You may recall my applause for Larry Janesky, who has turned “dull” basement transformations into a powerhouse business, Basement Systems Inc. (His portfolio includes his best-selling book, Dry Basement Science.)
Well, Larry’s hit a home run, as far as I’m concerned, with an idea he passed on to his dealers—in my experience it’s an original.
In short, Larry distinguishes between “busy” and “growth.” Simply put, “busy” is booking business in good times—which boosts your revenue growth to the heavens, in the short-term. As to “real growth,” it occurs “when the troughs in sales come up, not when the peaks go up.” That is, on a chart, the bad times bottom-trough today is higher than the trough during the prior problem period.

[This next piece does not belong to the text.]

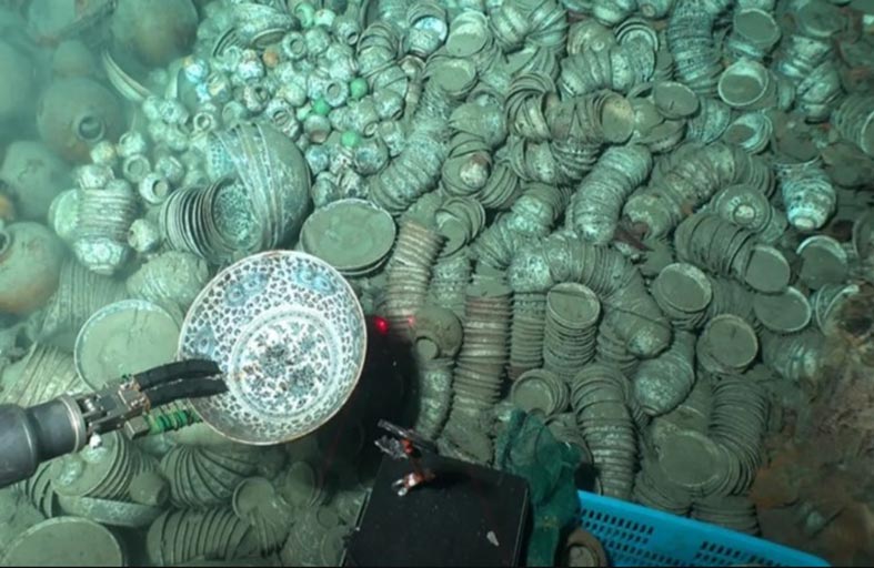 من خلال بحث في أعماق المحيطات، تمكنت غواصة من انتشال المئات من الآثار الصينية التي بقيت بحالة سليمة في بحر الصين الجنوبي، رغم أن تاريخها يعود إلى عهد أسرة مينغ التي حكمت الصين من القرن الثالث عشر إلى القرن السادس عشر. وأعلنت إدارة التراث الثقافي الوطني الصينية (NCHA) في بيان أنه تم انتشال ما يقرب من 1000 قطعة أثرية ثقافية من حطام سفينتين يعود تاريخها إلى عهد أسرة مينغ - من 1368 إلى 1644 - بما في ذلك الخزف والفخار والعملات النحاسية وقرون الغزلان. واستخدم المنقبون الغواصة المأهولة Deep Sea Warrior الأسبوع الماضي لاستعادة الكنوز من حطام السفينتين التابعتين لأفراد أسرة مينغ الذين كانوا يستخدمون بحر الصين الجنوبي، المعروف باسم طريق الحرير البحري القديم، كطريق تجاري مهم.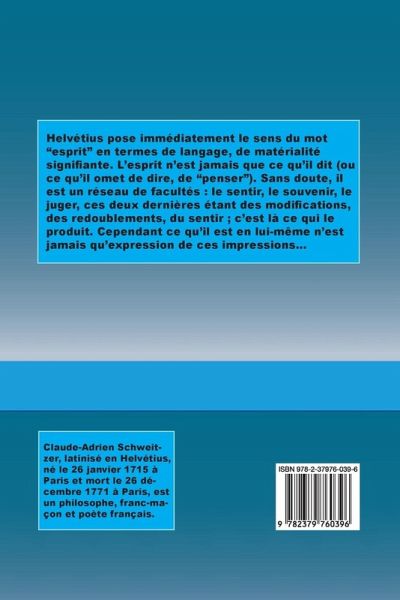 Helvétius pose immédiatement le sens du mot "esprit" en termes de langage, de matérialité signifiante. L'esprit n'est jamais que ce qu'il dit (ou ce qu'il omet de dire, de "penser"). Sans doute, il est un réseau de facultés : le sentir, le souvenir, le juger, ces deux dernières étant des modifications, des redoublements, du sentir ; c'est là ce qui le produit. Cependant ce qu'il est en lui-même n'est jamais qu'expression de ces impressions...

In a little more detail, directly from Larry’s dealer presentation (imagine quotation marks around what follows):
“Busy”: OUTSIDE forces acting positively on my business.
“Growth”: INTERNAL forces acting positively on my business.
Busy:
Good news: Lots of work available, go get it (but it probably won’t last).
Bad news: Can’t count on it continuing—so don’t let your overhead soar!!!
Growth:
Good news: [Internal-basic] improvements are paying off.
Bad news: Probably been growing because your [internally driven] good work allows you to take competitors’ business. But when you [succeed and] become a “big fish in a little pond,” you’ll have to add higher value to your products to redefine what you do and thus expand the marketspace.
Your call, but I think this approach to business makes a helluva lot of sense—especially to those firms, the great majority in my experience, which did indeed get sloppy during the now departed “good times.”